Exercise aim:
Once the line holding "近日,《人民论坛》2021年" is found in the entries below, restate it and each line after it word for word, with no pictures.

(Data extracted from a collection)
--

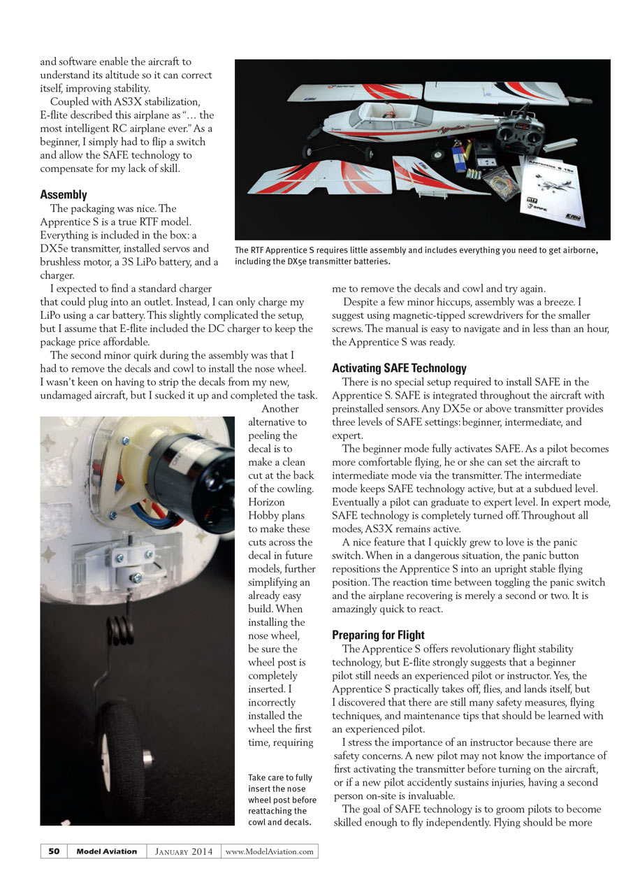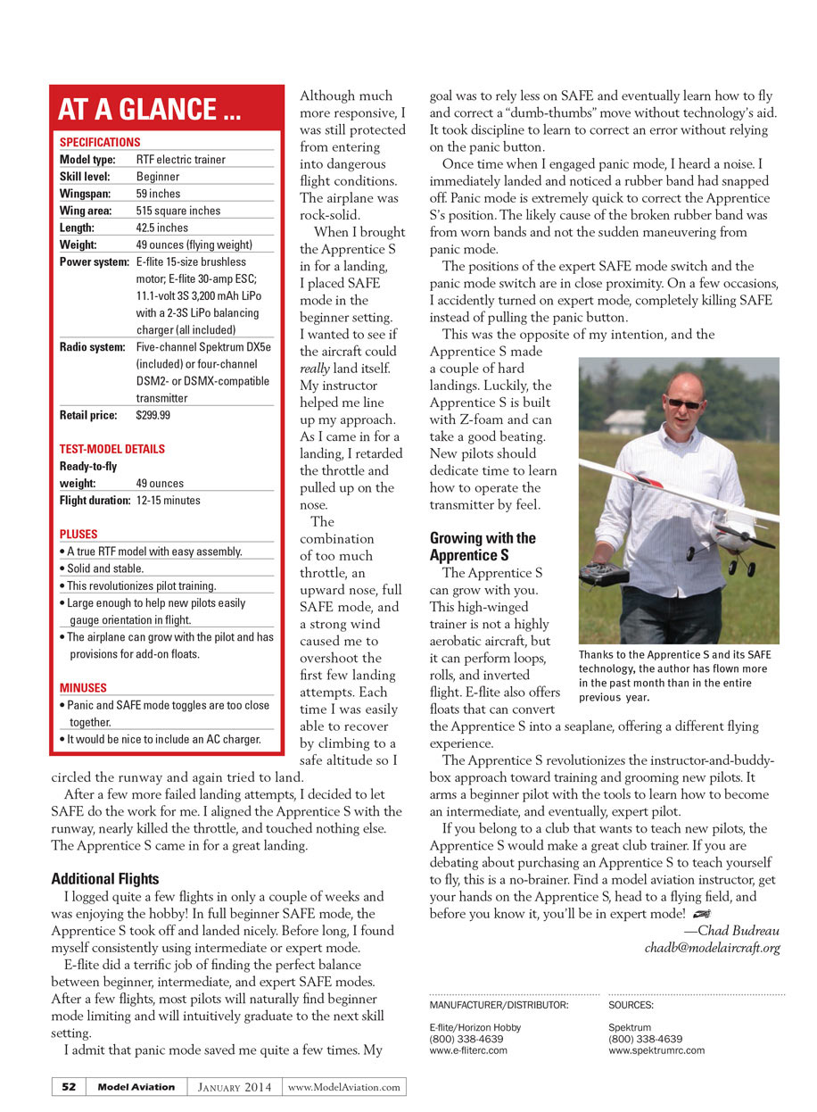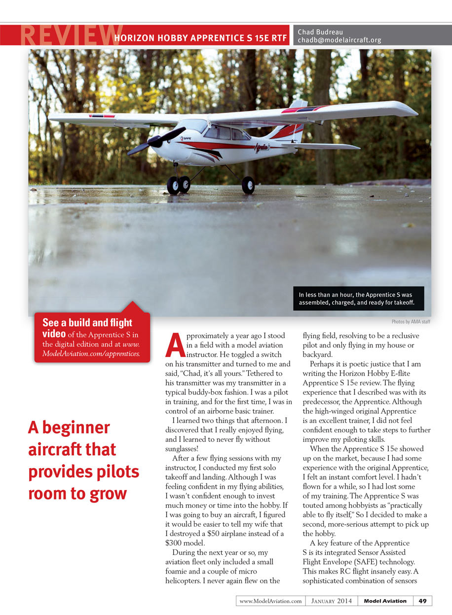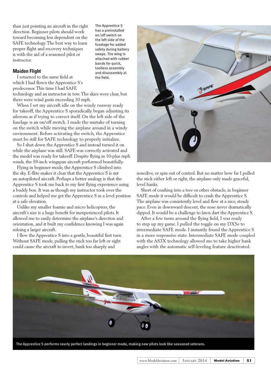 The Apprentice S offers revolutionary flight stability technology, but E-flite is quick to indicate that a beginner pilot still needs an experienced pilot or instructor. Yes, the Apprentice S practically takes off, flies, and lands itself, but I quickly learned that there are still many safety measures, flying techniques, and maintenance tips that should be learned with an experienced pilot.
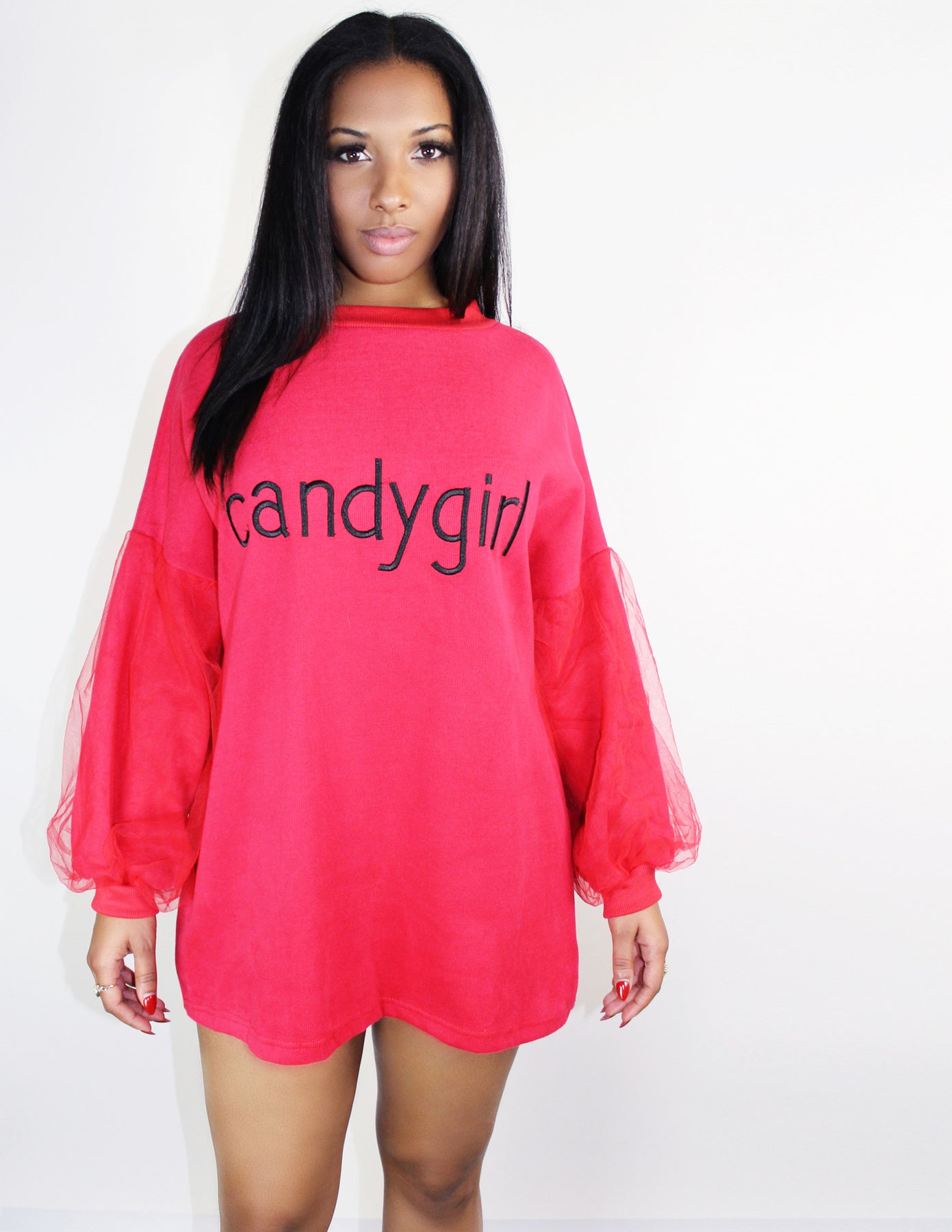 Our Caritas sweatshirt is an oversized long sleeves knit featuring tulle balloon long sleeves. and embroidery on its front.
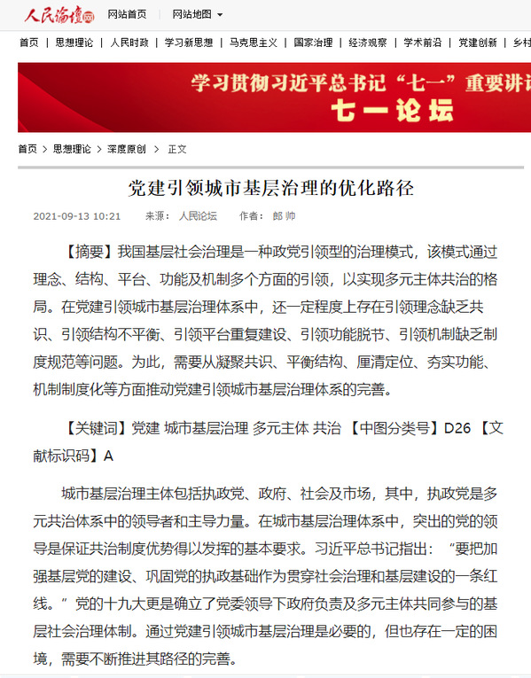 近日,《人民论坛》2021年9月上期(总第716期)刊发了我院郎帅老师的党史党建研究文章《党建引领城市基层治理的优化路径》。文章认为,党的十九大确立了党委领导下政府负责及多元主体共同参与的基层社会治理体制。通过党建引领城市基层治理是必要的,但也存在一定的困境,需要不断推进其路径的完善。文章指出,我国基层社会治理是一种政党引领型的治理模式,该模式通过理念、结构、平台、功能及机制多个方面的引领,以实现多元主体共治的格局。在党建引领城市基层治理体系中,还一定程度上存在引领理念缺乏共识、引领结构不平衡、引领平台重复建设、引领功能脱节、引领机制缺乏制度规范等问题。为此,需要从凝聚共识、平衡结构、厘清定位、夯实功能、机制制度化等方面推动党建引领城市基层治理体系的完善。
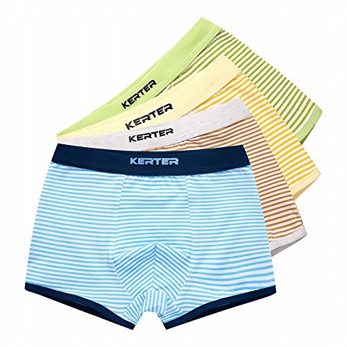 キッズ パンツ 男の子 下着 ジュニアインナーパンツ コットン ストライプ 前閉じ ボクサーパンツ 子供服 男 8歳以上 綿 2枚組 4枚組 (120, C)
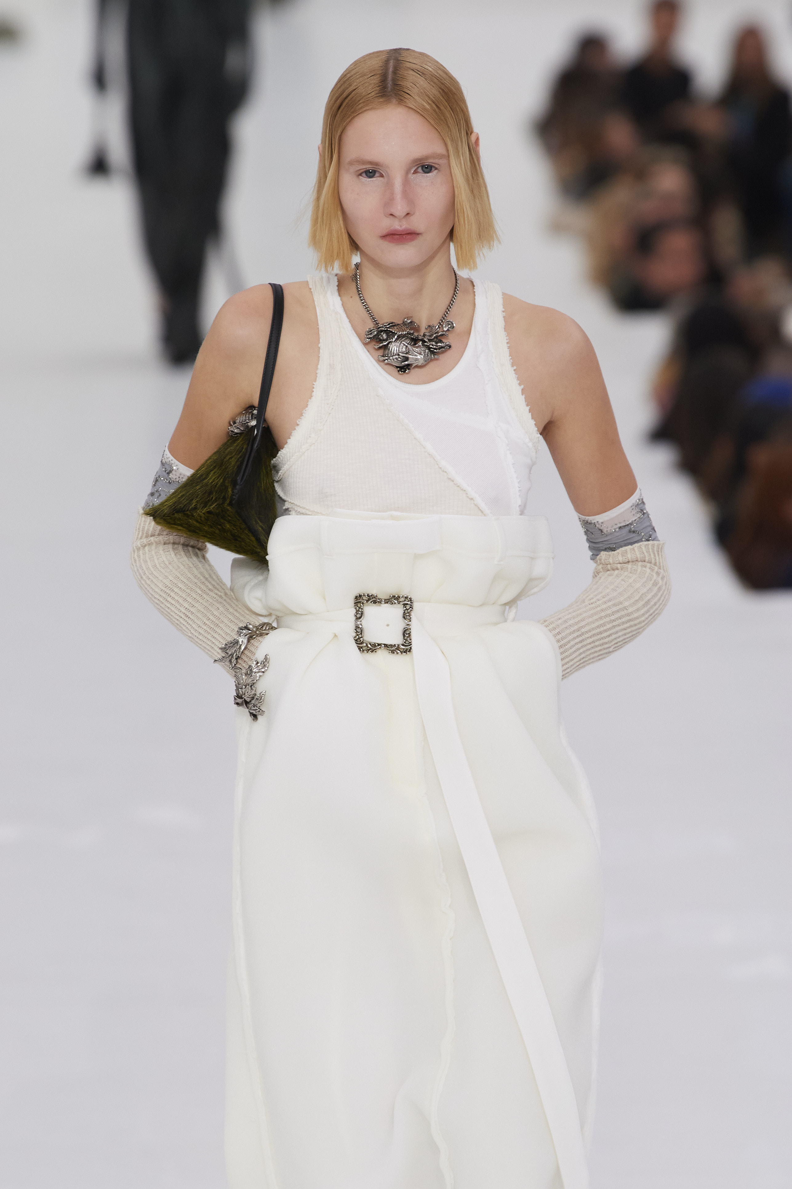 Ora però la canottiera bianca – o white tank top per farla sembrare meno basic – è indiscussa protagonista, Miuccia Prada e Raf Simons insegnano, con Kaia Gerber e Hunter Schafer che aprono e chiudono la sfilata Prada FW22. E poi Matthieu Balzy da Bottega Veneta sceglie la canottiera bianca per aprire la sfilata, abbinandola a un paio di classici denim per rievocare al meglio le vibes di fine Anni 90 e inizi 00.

--

Task result:
 近日,《人民论坛》2021年9月上期(总第716期)刊发了我院郎帅老师的党史党建研究文章《党建引领城市基层治理的优化路径》。文章认为,党的十九大确立了党委领导下政府负责及多元主体共同参与的基层社会治理体制。通过党建引领城市基层治理是必要的,但也存在一定的困境,需要不断推进其路径的完善。文章指出,我国基层社会治理是一种政党引领型的治理模式,该模式通过理念、结构、平台、功能及机制多个方面的引领,以实现多元主体共治的格局。在党建引领城市基层治理体系中,还一定程度上存在引领理念缺乏共识、引领结构不平衡、引领平台重复建设、引领功能脱节、引领机制缺乏制度规范等问题。为此,需要从凝聚共识、平衡结构、厘清定位、夯实功能、机制制度化等方面推动党建引领城市基层治理体系的完善。
 キッズ パンツ 男の子 下着 ジュニアインナーパンツ コットン ストライプ 前閉じ ボクサーパンツ 子供服 男 8歳以上 綿 2枚組 4枚組 (120, C)
 Ora però la canottiera bianca – o white tank top per farla sembrare meno basic – è indiscussa protagonista, Miuccia Prada e Raf Simons insegnano, con Kaia Gerber e Hunter Schafer che aprono e chiudono la sfilata Prada FW22. E poi Matthieu Balzy da Bottega Veneta sceglie la canottiera bianca per aprire la sfilata, abbinandola a un paio di classici denim per rievocare al meglio le vibes di fine Anni 90 e inizi 00.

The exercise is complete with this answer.